On the other hand, under nitrogen (Figure 3(b)), PA6 showed a single stage in the weight loss curve. The maximum weight loss occurs around 400°C and the total loss ends at around 480 °C. In the DTG curves under air, PA6 showed two degradation peaks with the maximum at 428°C, while under nitrogen a single maximum peak at 447°C was observed.

For GTR, the curve is similar to others reported in the literature where several weight loss stages were observed.^29-31 Each step corresponds to the decomposition of different organic materials starting with volatiles, followed by the decomposition of rubber itself, carbon black and the additives (mainly zinc oxide) with ash residues. Under air, the weight loss begins around 260°C and the total weight loss is completed at around 590°C (Figure 3(a)).
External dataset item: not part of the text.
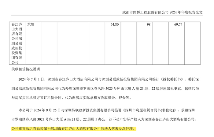 本公司于2024年9月25日与深圳易联致新投资集团有限公司签署《深圳市房屋租赁合同书(非住宅)》,承租深圳市罗湖区春风路3023号庐山大厦A座21层、22层用于办公,该不动产实际产权人为深圳市春江庐山大酒店有限公司,公司董事长之直系亲属为深圳市春江庐山大酒店有限公司的法人代表及总经理。
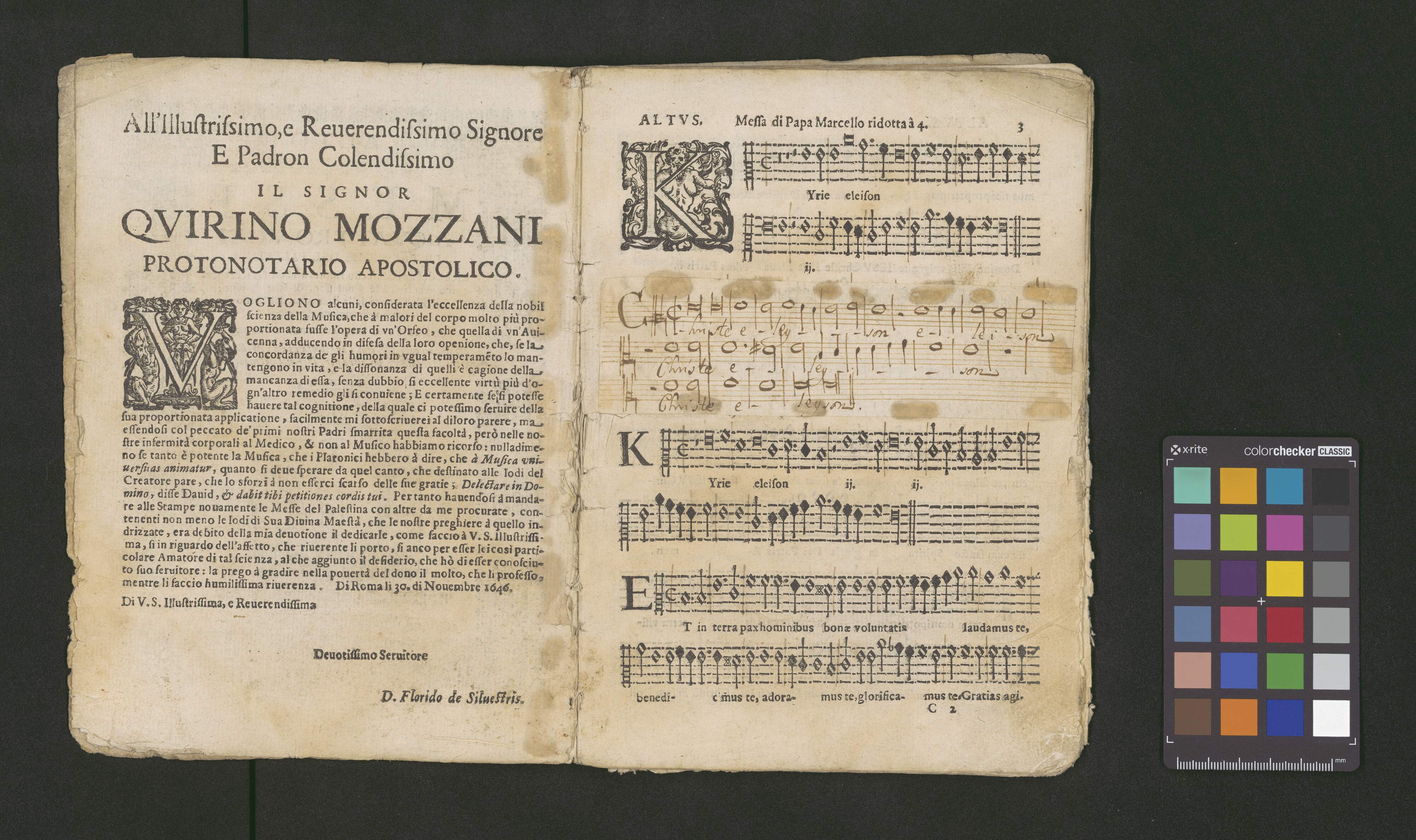 CANTO. | MESSE | A QVATTRO VOCI | LE TRE PRIME DE PALESTINA [!] | Cioè, di Papa Marcello ridotta à 4. da Gio. France- | sco Anerio, Iste Confessor, & Sine Nomine: | & la Quarta della Battaglia, dell'istesso | Gio. Francesco Anerio. | CON IL BASSO CONTINVO PER L'ORGANO. | Di nuouo corrette, con l'aggiunta di vna Meßa di Pie- | tro Heredia, et vn'altra per i Defonti del medesimo. | [printer's mark] | IN ROMA, Per Lodouico Grignani. 1646. | Con LicenZa de' Superiori. | Ad istanza di Antonio Poggioli all'Insegna del Martello in Parione

The GTR curve (similar to PA6) reaches a final weight value close to zero, indicating that negligible residues remain (ashes). Under nitrogen, the weight loss starts at around 260°C and the maximum degradation was observed at around 490°C (Figure 3(b)). In the DTG curves and under both environments (air and nitrogen), incomplete degradation (lower weight loss) occurred. This is especially observed under nitrogen with a maximum peak at 376°C. In general, TGA and DTG curves showed that GTR particles have a lower thermal stability compared to PA6. This can be a limitation for some applications where high thermal stability is required (some engineering applications). Nevertheless, these results indicate that both neat materials have an acceptable thermal stability for the range of experimental processing conditions used in this study (220°C) as the onset degradation temperature for PA6 and GTR were found to be 360°C and 260°C, respectively. This ensures that, for this system, the neat materials will not undergo a significant thermal degradation during processing, which could negatively affect the final properties of the TPE.

Figure 3.

TGA and DTG curves of the neat materials (PA6 and GTR) in: (a) air and (b) nitrogen.

Morphology

Figure 4 presents typical SEM micrographs of selected TPE cross-sections (10, 35, 75 and 100% wt.) at low magnification (75×). As reported in the literature,³² these figures show the characteristic morphology of TPE: two phases are clearly present as the GTR dispersed phase inside the PA6 matrix. In general, these are representative of most processed materials in this study. TPE at low GTR content show a homogeneous distribution in the matrix indicating that the processing conditions used were good.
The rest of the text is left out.